До сих пор не понимаю, как я все это вытерпела. В начале октября меня уволили из картофельной забегаловки; впрочем, к концу сезона вся торговля на набережной закончилась и от нечего делать я торчала в публичной библиотеке, которая была еще беднее, чем библиотека в нашей школе. Альдо начал работать у отца в гараже, отчего они бесили друг друга еще больше, а следовательно, и мне перепадало. Дома после работы они пили пиво и сокрушались насчет их любимой бейсбольной команды. Наверное, мне повезло, что они не додумались, зарыв топор войны, сообща наехать на меня. Я старалась как можно меньше бывать дома, дожидаясь, когда ко мне вернется та самая лихость, вернется и подскажет, что дальше делать, но внутри у меня все высохло, опустело, никаких озарений. Я уже решила, что со мной случилось то, о чем пишут в книжках: с потерей девственности я утратила свою силу. И жутко обозлилась на Альдо. Ты алкаш, говорила я. И кретин. И что, огрызался он. От твоей мохнатки воняет. Та к и держись от нее подальше! Будет сделано! Но конечно, я была счастлива! Счастлива! Я все ждала, что столкнусь на набережной с моей семьей, развешивающей объявления с моей фотографией, – матерью, самой высокой, самой смуглой и грудастой женщиной в округе, Оскаром, похожим на коричневый пузырь, тетей Рубелкой, а может, даже и дядей Рудольфо, если родным удастся отвадить его от героина на какое-то время, – но единственные объявления, которые я видела, были о пропавших кошках. Вот вам белые люди. У них кошка потеряется, и они развешивают воззвания на всех углах. А у нас, доминиканцев, потеряется дочь, и мы даже не отменим посещение парикмахерской.

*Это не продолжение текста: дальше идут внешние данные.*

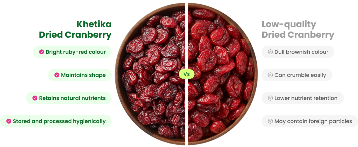 Our strict quality standards ensure you only get the best cranberries every time, with consistent size, natural flavour, and uncompromised freshness.

К ноябрю меня уже все достало. Вечерами сидела с Альдо и его вонючим папашей, по телевизору показывали старые сериалы, те, что мы с братом смотрели детьми, и разочарование скребло, будто наждаком, по моим внутренностям, мягким и нежным. Вдобавок холодало, ветер гулял по бунгало, забирался под одеяла или врывался следом за тобой в душ. Это было ужасно. И мне все время мерещился мой брат, как он пытается приготовить себе поесть. Не спрашивайте почему. Дурацкие видения. Но в семье готовила я, а единственное, что умел Оскар, – поджарить сыр на гриле. Я представляла, как он, отощавший, обратившийся в тень, топчется по кухне, шаря с тоской в пустых шкафчиках. Мне даже начала сниться мать, разве что в моих снах она была маленькой девочкой, то есть совсем крошечной; она умещалась на моей ладони и все норовила что-то сказать. Я поднимала ее к своему уху и все равно не могла ничего расслышать.
Я всегда терпеть не могла понятные сны. И до сих пор не люблю, когда мне такие снятся.

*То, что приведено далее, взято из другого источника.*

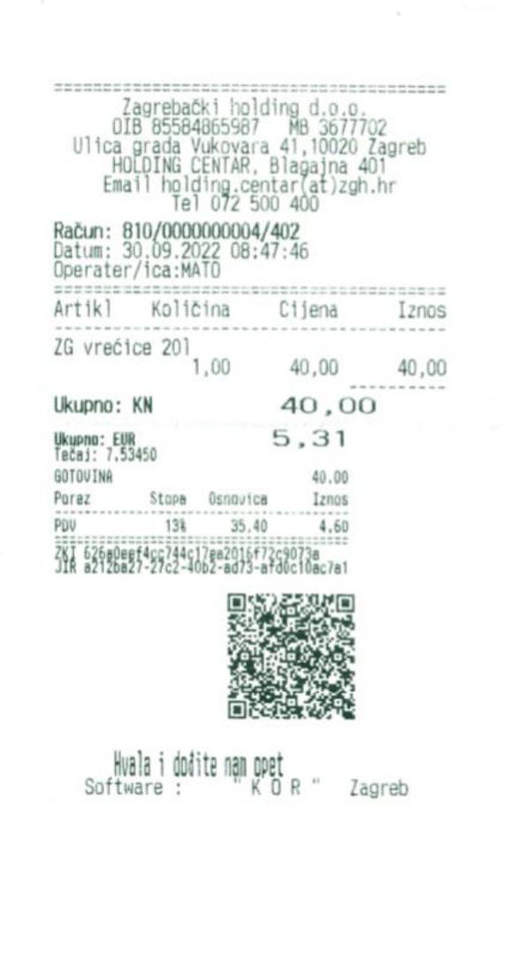 Zagrebački holding d.o.o. podružnica Čistoća izdaje račun trgovačkim lancima po njihovim naručenim količinama, odnosno po isporučenim ZG vrećicama. Stopa poreza je 13%, sukladno Zakonu o PDV-u.

А потом Альдо решил сострить. Я видела, что наши отношения вгоняют его в уныние, но не понимала, до какой степени, пока однажды вечером он не привел в дом друзей. Его отец уехал в Атлантик-Сити, и ребята пили, курили, рассказывали тупые анекдоты, и вдруг Альдо говорит: «Знаете, что такое “понтиак”? Это автомобиль, который бедный забитый бомж принимает за “кадиллак”». Но на кого он смотрел, когда произносил свою «гениальную» шутку? Прямо на меня.
Ночью он полез ко мне, но я отпихнула его. Отстань.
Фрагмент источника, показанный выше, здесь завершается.